До встречи с Бьянкой и ее группой оставалось еще минут сорок, и возникла идея навестить Вита. В жилом корпусе его не было – ни у себя, ни в буфете на этаже. Я вышел наружу и окинул взглядом территорию школы. Центральное строение, напоминающее дворец эпохи ренессанса, три жилых корпуса – для мальчиков, девочек и преподавателей, стадион, пара бассейнов, парк, за которым, если выйти за ограду, начинался лес, здание охраны… Тут Вита нет, это точно. Скорее всего, он в ангаре, возится с очередной железякой. По мощеной дорожке я обошел центральное здание, миновал стадион и лужайку, на которой медитировали ученики младших классов, прошел через участок, заполненный флаерами и автомобилями, и подошел к полукруглому металлическому сооружению. Да, Вит здесь. Я почувствовал это еще до того, как открыл дверь.

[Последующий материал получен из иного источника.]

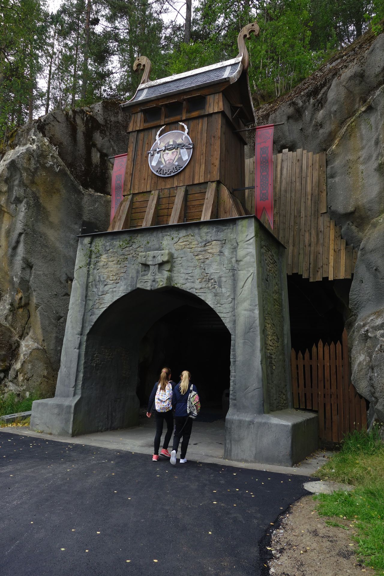 Dritte Attraktion hier unten ist der Darkride Thor's Hammer, den man einfach in den Berg hineingesprengt hat.

Внутри было прохладно, пахло бензином и маслом, и темноту разгонял свет электрических ламп. Я прошел по пустому пространству в центре, мимо полуразобранных машин, станков и металлолома. В углу копались техники – кажется, они даже не услышали, что в ангар кто-то зашел.

Вит сидел за столом, заваленным всевозможным металлическим хламом, в дальнем углу ангара, и сосредоточено что-то паял. Я думаю, это была очередная Неведомая Металлическая Херня, каковые он мастерил едва ли не ежедневно. Впрочем, приходится признать, что некоторые его изобретения даже были способны делать что-то полезное.

Я подошел к столу и секунд десять смотрел на него прежде, чем он почувствовал мое появление, отложил паяльник, снял защитные очки и сказал: «Привет.»

– Сидишь тут сутками, как сыч, – пожурил я приятеля. – Не скучно? Давай лучше вечером прокатимся в город, девочек каких-нибудь найдем.

– Н-нет, – Вит едва заметно вздрогнул и замотал головой. – Н-не хочу.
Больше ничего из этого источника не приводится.